The main trust of national planning policy is to focus sustainable economic development and main
town centre uses into existing centres as well as to improve competition between retailers and
enhance consumer choice
2.03
Policy EC4 PPS4 requires LPA’s to pro-actively promote and improve town centres. CWAC (formerly
Vale Royal) have been promoting the principle of major new retail and leisure development at the
subject site since 200 through formal policy approach. This has involved extensive research into
quantitative and qualitative need for Baron’s Quay in accordance with Policy EC1 of PPS4. The LPA has
undertaken a sequential approach to site selection which accords with EC5 of PPS4. Whereby the site
has been identified as the only available, suitable and viable site option available to accommodate the
identified capacity for the town.

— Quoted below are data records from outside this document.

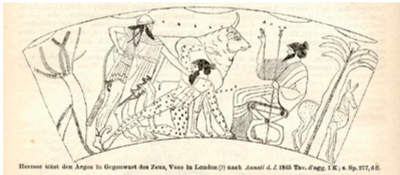
PAGE 40 Dessin d'une image du V e siècle avant Jésus Christ d'un vase montrant Hermès attaquant le géant Panoptès / Drawing of an image from a fifth-century BCE Athenian red figure vase depicting Hermes slaying the giant Argus Panoptes Paon / Peacock
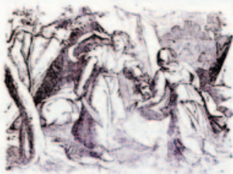
44. István levágya a Hölötemes fejét.
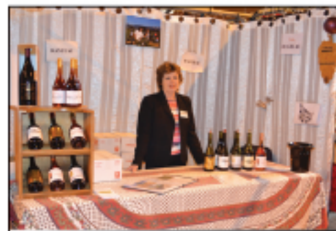
Domaine de la Girardière Rasteau...

The site’s allocation and implementation will delivery the stepped
change required to improve shopping facilities in Northwich and to reverse decline in the town centre
and re-establish its position in the wider hierarchy.
2.04
PPS4 (Policy EC10) requires all development proposals which involve economic development to be
considered against five impact considerations which relate to the impact on carbon dioxide levels,
accessibility, securing high quality design, economic regeneration and local employment.
2.05
With Baron’s Quay identified as a town centre extension for Northwich it is clear that any scheme in
this location accords with the development plan and therefore the sequential approach does not have
to be satisfied under EC15 of PPS4 WYG believe that the Baron’s Quay site still represents the
sequentially preferable site in Northwich to meet any identified capacity.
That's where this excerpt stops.